Utilities and GTI are collaborating on a regional basis to develop a quality audit program for gas utility operators with a mechanism to collectively audit their supplier’s quality management systems. The program will conduct an independent and unbiased assessment on behalf of participating operators to provide a reliable and standardized approach for monitoring suppliers.  

GTI audits select suppliers using ISO 9001, industry standards and company-specific requirements. The identification of threats and mitigating risks starts with the manufacturing process.  

A hydrotesting alternatives program at GTI has identified and ultimately validated technologies that can provide an inspection that is “equivalent to – or superior than” – a hydrotest to obtain regulatory acceptance. With OTD funding, GTI developed and deployed a “critical flaw-and-critical wall loss” calculator that can help ensure pipeline safety and provide operators with significant cost savings in complying with new regulations.   

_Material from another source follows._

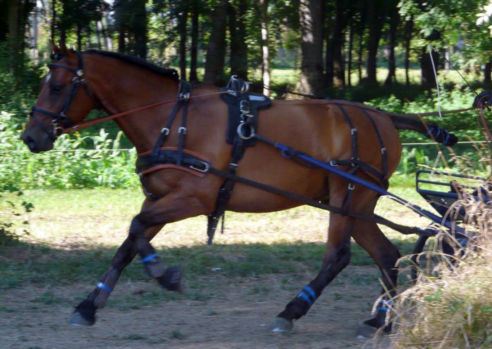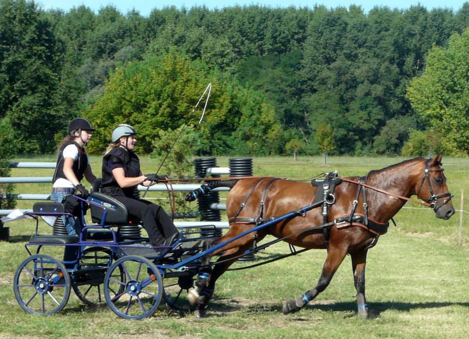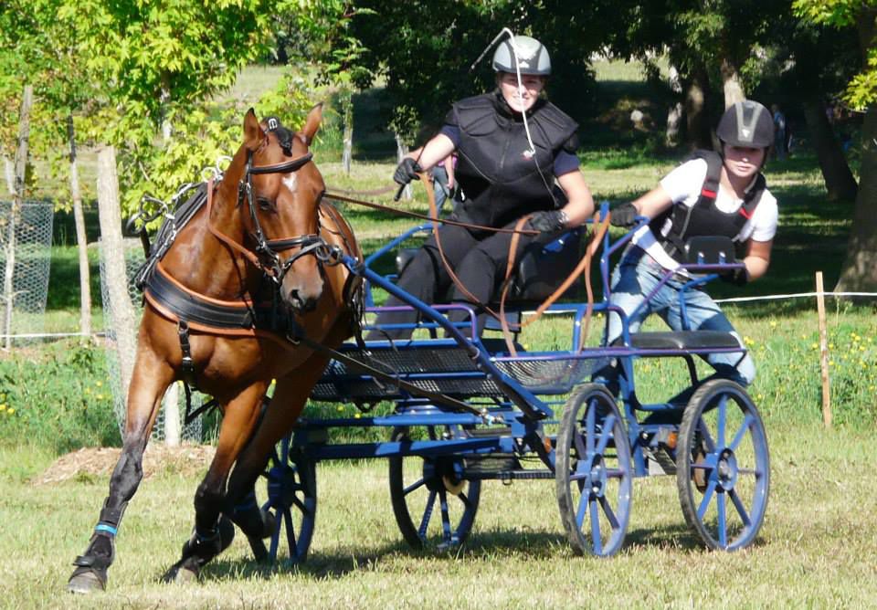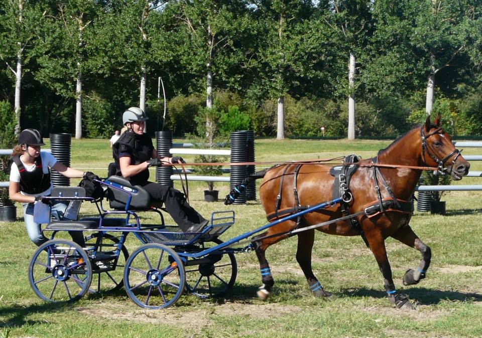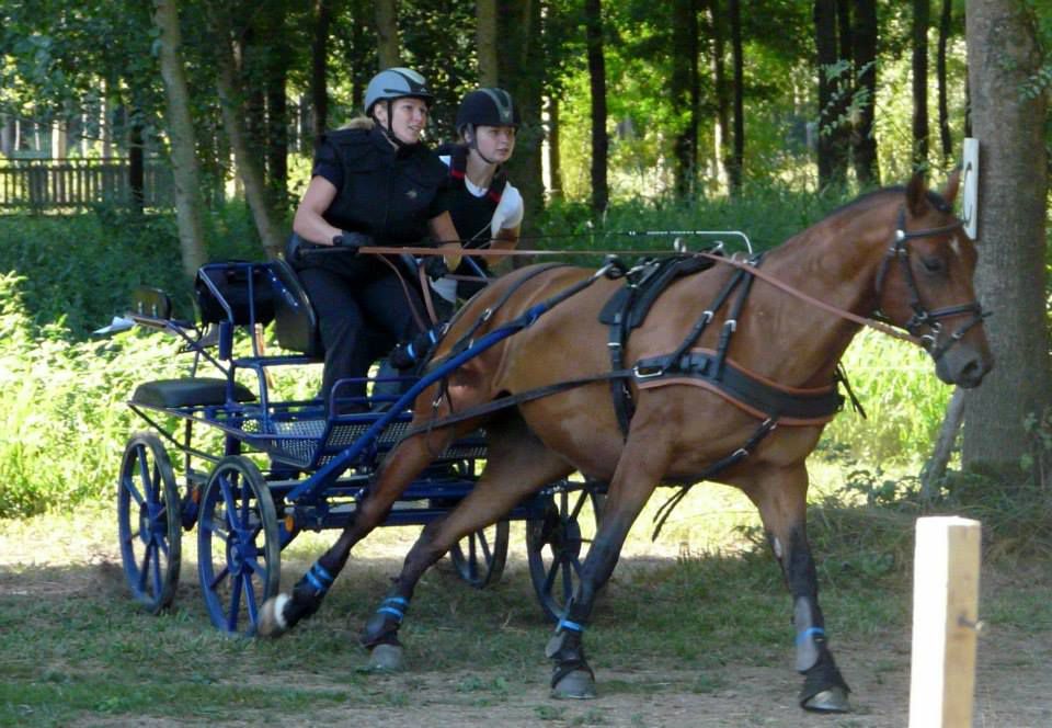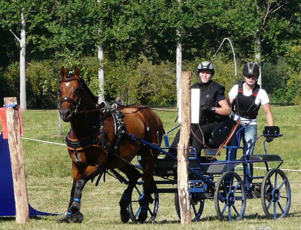 | Dire merci | aujourd'hui sortie attelage pour Antarès, nous sommes allés faire un rallye de 18km, essentiellement au pas car très dénivelé, pas mal de passages délicats, mais Antarès a été top, très courageux et pas un seul faux pas! l'après midi petite maniabilité dans une ambiance conviviale. un terrain pas très confortable, mais un tracé sympa pour travailler. très fière de mon petit cheval |

The model allows operators to determine if an inspection technology could detect a crack-like flaw and/or wall loss that would fail a pressure/hydrotest at a particular pressure. It helps enable operators to use the engineering approach, ECA, in lieu of a hydrotest that requires shutdown and water injection.  

It is this sort of focus on prevention in the context of the longer range future that the industry will need in the coming years of the 2020s to underscore its relevance and essential usefulness for the future. By the end of this new decade, the integrity of every energy-carrying pipeline in the United States should be well-known and well-documented.  

“There has been a lot of focus recently on pipeline safety management systems,” INGAA’s Osman said. “Looking at pipeline systems through that lens can help the industry continuously raise the bar. It really is an ‘all-of-the-above’ approach to looking to whether you have the right process, right people and right technology being used. All of that is going to factor into the equation.” 

Is the oil and gas space adequately ready for the challenge of broader PHSMA rules?  

“Yes, absolutely, our data shows we’re making progress,” Osman said. “Our goal is very clear – a perfect reliability and safety record.”